Implement idempotence
Read requests are naturally idempotent since they do not make any state changes, but write requests are not. Idempotence can be implemented for write requests as follows:
- Include a unique idempotency key, such as an UUID, in the request
- When the request is received by the server, it checks if the key is already stored in the database
- If the key is not present, the server processes the request and stores the key in the database, both of which are done in a transaction to ensure consistency
- If the key is already present, the server simply returns the response of the previous request, avoiding any duplicate processing
To implement the database for storing idempotency keys, we can create a separate table in the database for storing application data.
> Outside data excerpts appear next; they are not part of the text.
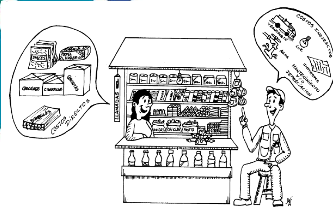
Negocio de Comercio
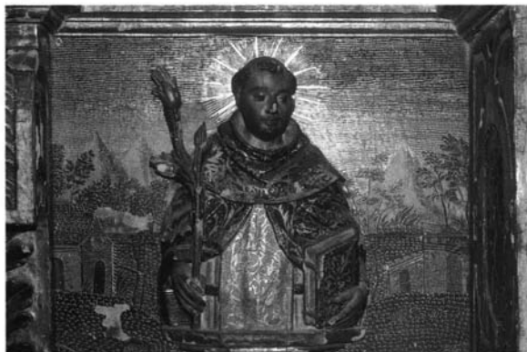
Lámina 3.- Francisco de La Gándara. Retablo de Santo Tomás de Aquino. San Jacinto. Relieve izquierdo del banco. 1605.
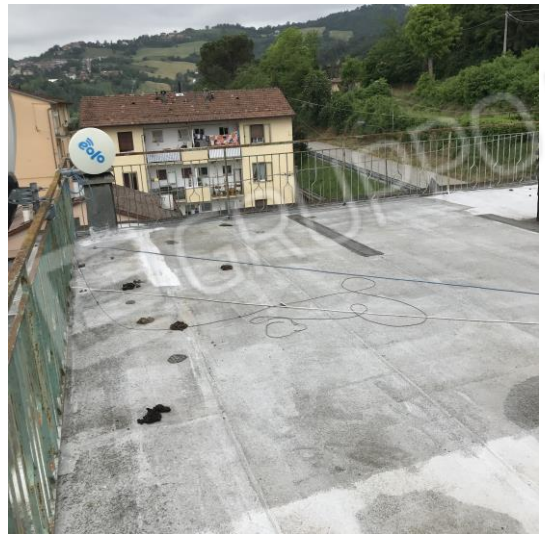
Canali P.A. Fabrizia
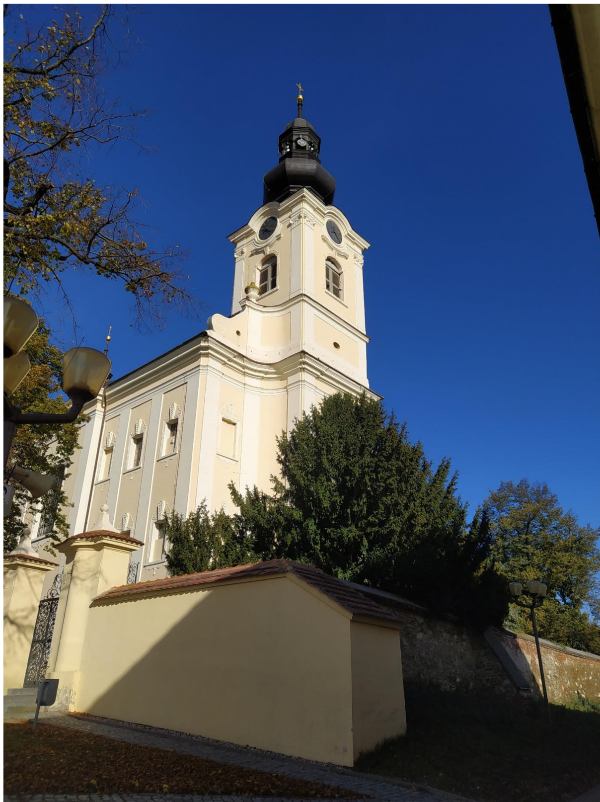
11. Kostel sv. Jakuba Většího v Kostelci na Hané, pohled z jiho- západní strany.
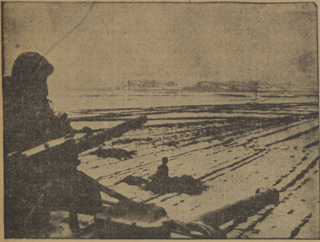
Soldados americanos hacen hoyos en el suelo cubierto de nieve en el frente coreano, para después hacer frente a la avalancha china en el sector de Suwon. Tanques vigilan para proteger la acción de los improvisados zapadores.
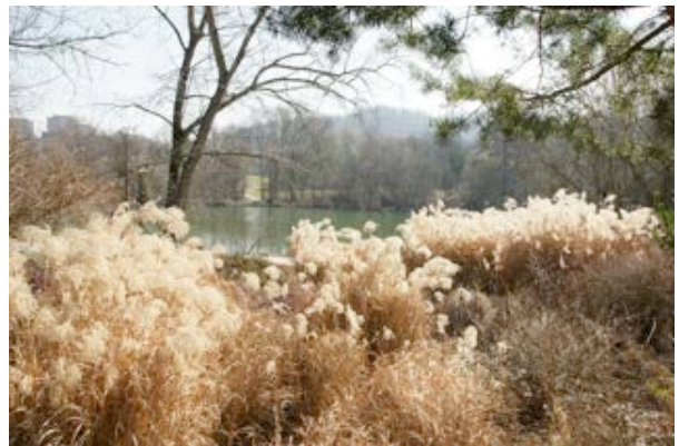
10) Park im Grünen (Münchenstein)
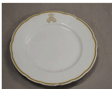
Vue générale IVR84_20226302690NUC4A
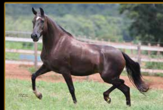
URTIGA DO PORTO PALMEIRA

RES. CAMPEÃO JOVEM RAÇA MACEIÓ/AL 10/2021
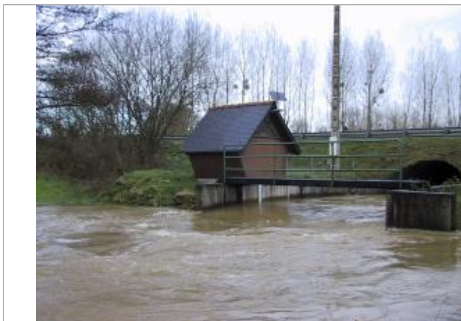
Station limnimétrique de la Rosette à Mégrit
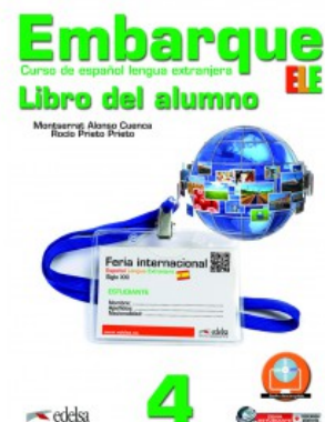
EMBARQUE 4 LIBRO DEL ALUMNO
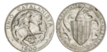
286 150 €
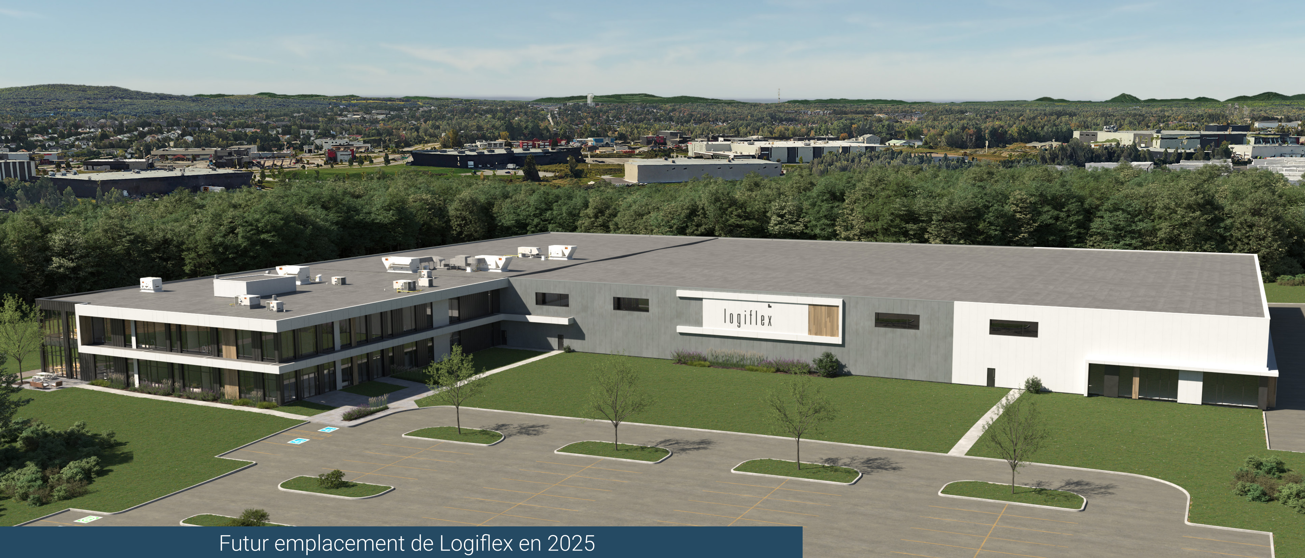
Futur emplacement de Logiflex en 2025
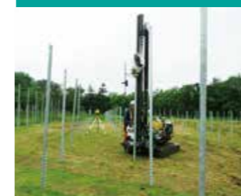
グランドスクリュー杭
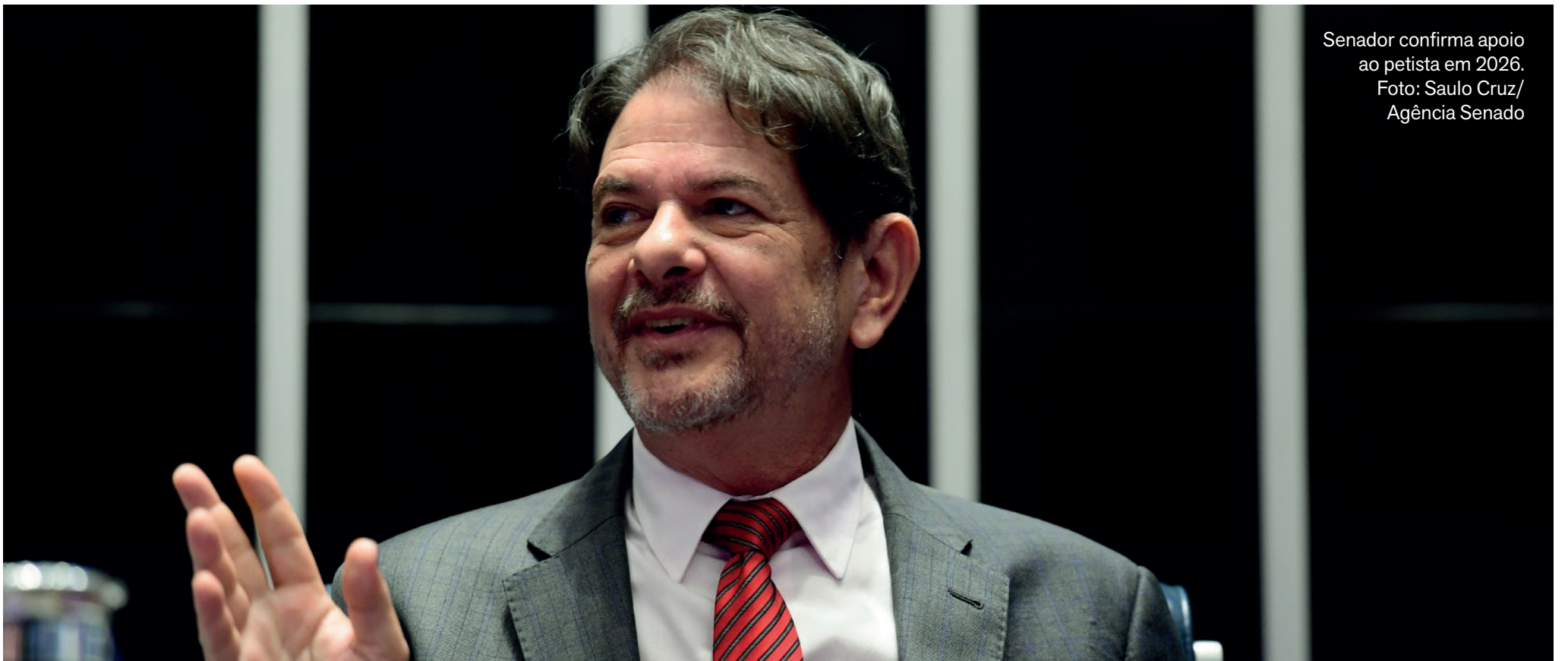
Senador confirma apoio ao petista em 2026.

Senador ressaltou que possui um “compromisso pessoal” com o governador para as próximas eleições; Ciro, irmão de Cid, pode ser o candidato da direita

The database could be a key-value store to support low-latency lookups. Note that there is no need to keep idempotency keys forever.
Types of delivery guarantees
The property of idempotency guarantees that each message is delivered exactly once, a.k.a exactly-once delivery, which is one of the three delivery guarantees shown in the table below. When considering reliability and performance, we must weigh the trade-offs among the delivery guarantees.
At-most-once | At-least-once | Exactly-once | |
---|---|---|---|
Definition | A message is sent <= 1 times | A message is sent >= 1 times | A message is sent 1 times |
Transmission ack | Fire and forget | Retransmission ack | Retransmission ack, no duplicates |
Reliability | Unreliable | Moderate | Reliable |
Performance | Fast | Moderate | Slow |
Example | UDP messages (network layer) | TCP messages (network layer) | Database transactions (application layer) |
Consensus
Consensus is a fundamental problem in distributed systems where a group of nodes need to reach an agreement on a single value or decision. The problem arises due to the possibility of node failures or network partitions, which can result in different nodes having different views of the system state. Consensus is essential for many distributed systems applications such as database replication, leader election, and atomic transactions.
There are several consensus algorithms designed to solve the consensus problem, including Paxos, Raft, and Zab. These algorithms differ in their design and complexity, but they share the same goal of ensuring agreement among nodes in the presence of failures. These algorithms typically involve a leader node that proposes a value, and the other nodes vote on whether to accept or reject the value.
Achieving consensus in a distributed system is not an easy task, and it comes with trade-offs. For instance, consensus algorithms often sacrifice system performance and availability for safety. In addition, consensus algorithms can be challenging to implement and verify, which can lead to bugs and other issues that can affect the system's correctness.
Time
To determine the order of events in distributed systems, we can compare their timestamps. However, clocks on different nodes can vary due to temperature or voltage changes. To address this, time services are available to provide accurate time sources. The most commonly used one is the Network Time Protocol (NTP).
One issue with NTP synchronization is the periodic resetting of clocks, which can affect the local node time. This can result in inaccurate measurements of event response times.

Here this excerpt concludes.